Keep the good work brother
Title: Re: Carlito   
Name: Bilal Haidar [MVP]
Date: 6/19/2007 1:09:59 PM
Comment:
Carlito,
I will be checking on that and get back to you here on this article!
Regards
Title: Re: Muhammad Mosa   
Name: Bilal Haidar [MVP]
Date: 6/19/2007 1:07:59 PM
Comment:
Hello Muhammad,
We never use WS as a data layer. I can speak on myself, it is only for demonstration purpose that I embed the nasty DB work inside my WS. Just to save some time!
But in real projects, WS should only be an interface for your application and all your logic (BL and DAL) should be in a seperate API!!

Hope this answers your question!

Regards
Title: Mozilla compatibility   
Name: Carlito
Date: 6/19/2007 12:30:41 PM
Comment:
Hi, I was just trying your sample code which seems to work well with IE but not so well with Firefox.
It seems whenever I click on 'New Contact', the new contact sections shows for a second then disappears and the page reloads the contact list again...

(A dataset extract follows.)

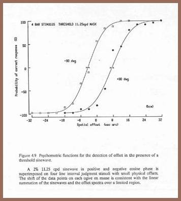 The most satisfying and elegant (imho) result in my thesis was that the superposition of a threshold sinewave with the appropriate (theory-predicted) spatial frequency and phase induced a perceived threshold shift in spatial position (Figure 4.9) while other grating configurations had no effect. In addition, apart from the reconciliation of the major metrics of acuity and accounting for the many stimulus interactions, the thesis data contain a wealth of opportunities that should be developed further.
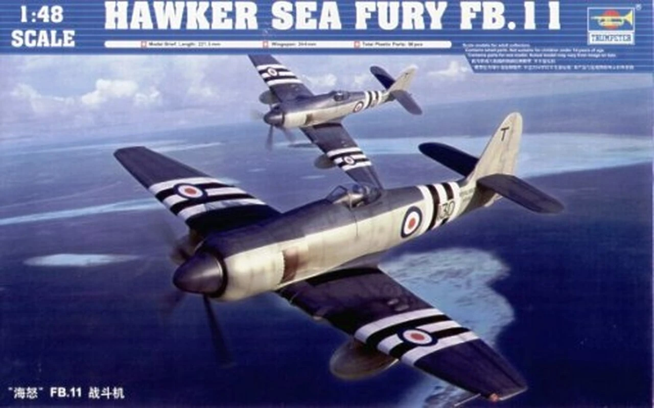 The first Sea Fury prototype, powered by a Bristol Centaurus XII, had first flown in February 1945, but the first fully-navalized version with folding wings did not fly until October 1947. The Boulton Paul contract was cancelled in early 1945, and of the 100 Sea Furies that remained on order, the first 50 were completed under the designation Sea Fury Mk.X. In May 1948, the first Sea Furies became operational with No. 802 Squadron, in the form of the Sea Fury FB.Mk.11, of which 615 were built. At least 66 of these were delivered to Australia and Canada. Early in the Korean War, Sea Furies operated very successfully in the ground attack role from the decks of Royal Navy aircraft carriers. The RN also received 60 two-seat T.Mk.20 trainers in the early 1950s. Sea Furies were exported to several other countries including the Netherlands, Pakistan, Egypt, Burma, Cuba and Iraq.

Title: Nice By why always Web Services?!   
Name: Muhammad Mosa
Date: 6/19/2007 9:41:23 AM
Comment:
Wonderful as usual Bilal. I have one comment but it is not on the article it is general. Every time I read something about ASP.NET AJAX -well not everything- they just present Web Services as the data service to retrive data! While in most cases we don't use web services unless it is required. I mean I'm not going to use Web Service just to act as a data layer, I already have my data layer library!
In this I'm not going to use Web Service! you may suggest to use static web methods on the page itself, well is there are any other alternatives?!